Gallego, who chairs BOLD PAC, the political arm of the Hispanic Caucus, passed on a Senate run in 2020, in part to avoid a bitter primary with Kelly. 

“I’m not interested in running for Senate at this time. Right now, I’m focused on the 2022 midterm elections and how BOLD PAC can support keeping a Democratic majority in the House and Senate,” Gallego said Wednesday in a statement to CQ Roll Call. 

Focus on ’22

Kai Newkirk, an Arizona activist who founded a campaign to collect donation pledges to support a Sinema challenger, said the senator’s “obstruction” of Biden’s agenda “is hurting the Democratic Party brand” throughout Arizona.
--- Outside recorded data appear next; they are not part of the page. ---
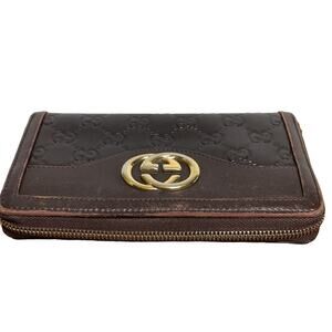 Auth Gucci Zip Purse Interlocking Long Wallet GG Brown Leather Unisex
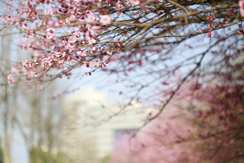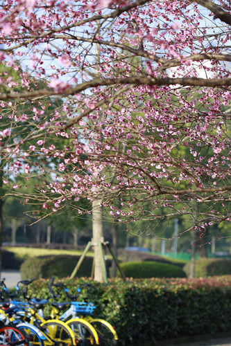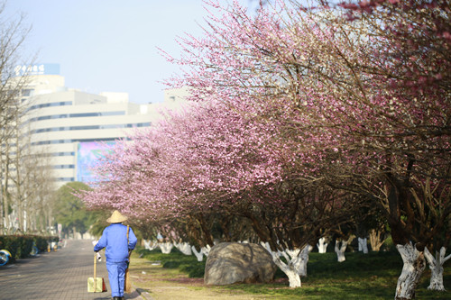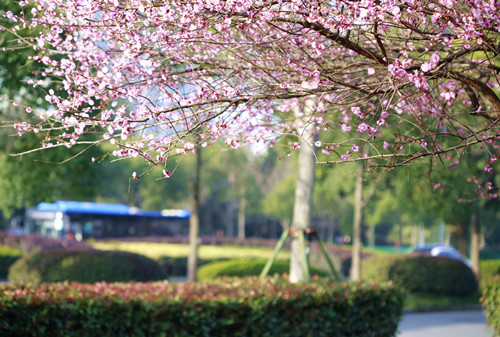 最后一站,便是市民廣場,我見過的最美公交站臺。初春的清晨啊,一下車便有沁香拂散,迎接我下車的那是大片繁花盛開呀,路邊草地一溜的紅梅、白梅,在藍天下絢爛地肆無忌憚地綻放。呵,是的,還有藍天,最近流行的一個詞叫“臺州藍”,忽然想起來,每日公交車上下班,低碳出行,這算是我為“臺州藍”添了一筆淡藍嗎?應(yīng)該是吧。于是,在藍天紅白花海中,慢慢穿過梅林、小橋、亭子,上班之路竟是如此心情舒緩。 鄭蔚
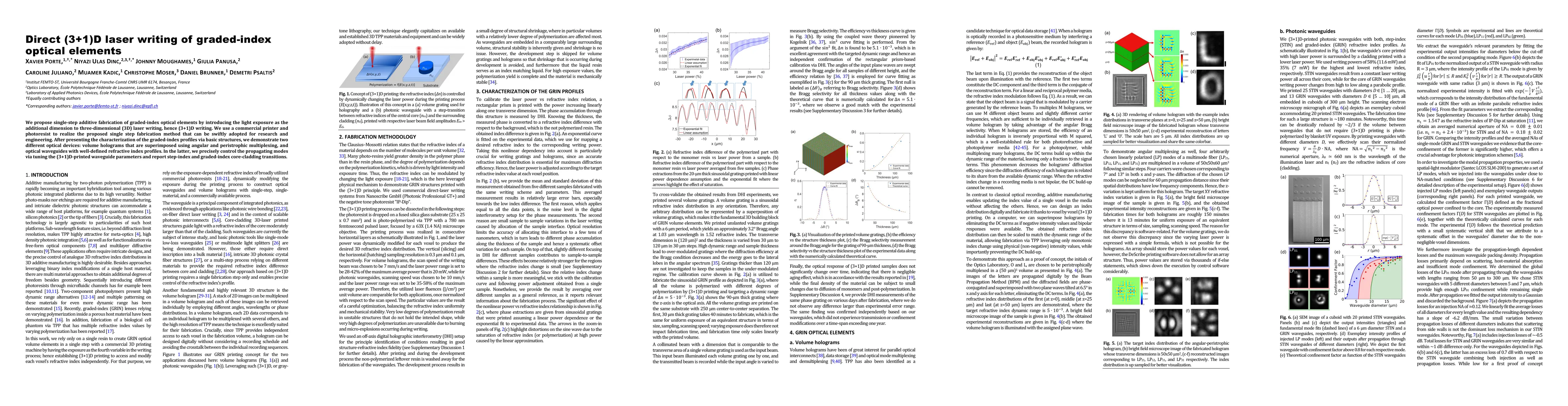 This paper introduces a novel (3+1)D laser writing technique for single-step additive fabrication of graded-index optical elements, demonstrating the creation of volume holograms and optical waveguides with precise refractive index profiles. The method employs a commercial printer and photoresist, showcasing its potential for research and engineering applications.
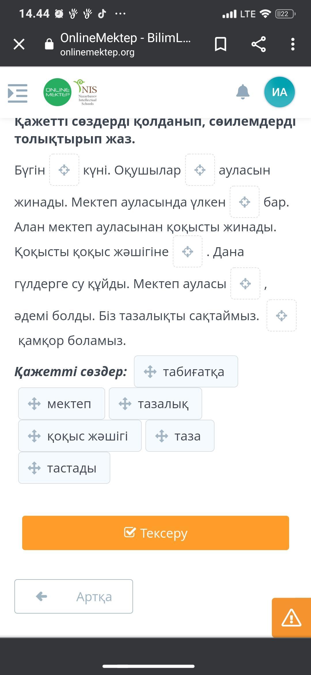 Бүгін тазалық күні. Оқушылар мектеп ауласын жинады. Мектеп ауласында үлкен қоқыс жәшігі бар. Алан мектеп ауданынан қоқысты жинады. Қоқосты қоқыс жәшігі не тастады. Дана гүлдерге су құйды. Мектеп ауласы таза, әдемі болды. Біз тазалықты сақтаймыз. Табиғатқа қамқор боламыз.
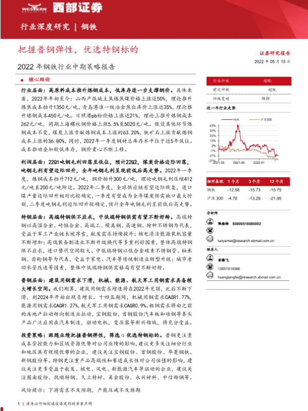 【西部证券】【20220515】2022年钢铁行业中期策略报告:把握普钢弹性,优选特钢标的-27页 行业研究
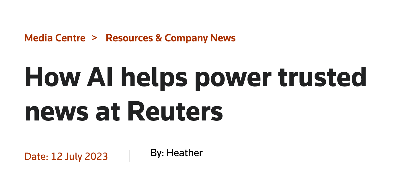 For example, Reuters uses an AI-powered tool called Lynx Insight to assist its journalists in identifying story ideas and analyzing massive data sets in real time. The system automatically surfaces trends, anomalies, and insights that reporters can turn into stories—essentially functioning as a data and research co-pilot.
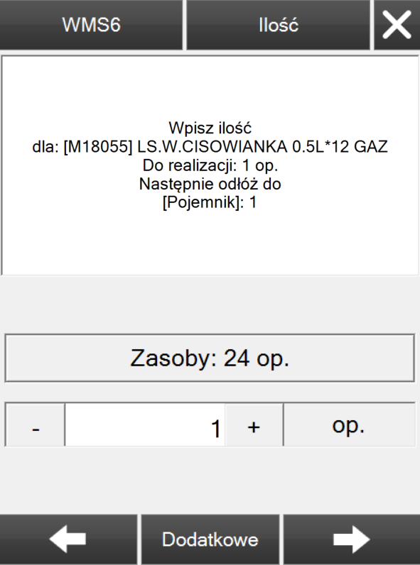 Po zatwierdzeniu typu jednostki logistycznej, należy wybrać ilość jaka ma znaleźć się na zdefiniowanej jednostce logistycznej. Docelowo ustawiona zostaje ilość widniejąca na pierwszej skompletowanej dyspozycji dla danego towaru.

“We think that the biggest danger to [Kelly’s] reelection is if Sinema doesn’t change course and actually help Democrats deliver on what they promised,” Newkirk said. 

“The biggest risk, again, is that her obstruction stops Biden and the Democrats from being able to deliver on the agenda that they were elected to enact,” he added. 

Kelly’s campaign has already been working on next year’s race, relaunching in June a formal statewide coordinated effort with the Arizona Democratic Party and the Democratic Senatorial Campaign Committee. That’s the earliest a coordinated campaign has ever launched in Arizona.

“Our ability to get through this pandemic, rebuild our economy, address climate change, and pass immigration reform relies on a Democratic Senate majority,” state Sen. Raquel Terán, the state party chairwoman, said in a statement. “We are already focused and hard at work at re-electing Senator Kelly.”

Grassroots organizers say they have also been engaged.

“We never stopped,” Avila said. “We are doing assessments, we’re doing coaching within communities … to get people ready for next year.”

Scheel said such organizing was “the difference-maker” in Sinema’s, Kelly’s and Biden’s earlier victories. 

“Obviously, when you win Senate races by 10 or 20 or 50,000 votes … there’s a ton of different people and organizations who claim credit,” Scheel said. “But certainly the activation, mobilization of the Latino vote, specifically that groups like LUCHA and Unite Here have focused on, none of those candidates would have been successful without their involvement.”

But Pearson said the other key to Democratic success has also been winning over independent and moderate Republicans, especially suburban women in Maricopa County who were fed up with President Donald Trump. She said those voters also prioritize fiscal responsibility, which helps explain Sinema’s reluctance to support the sweeping spending package. 

Sinema is acting as a “heat shield,” Pearson said, adding that Kelly can stay under the radar as negotiations continue. 

“Even for Kelly, there has to be a consensus that this is a fiscally responsible thing to do as well as the right thing morally to do,” Pearson said of the spending bill. “And that combination is going to be key.”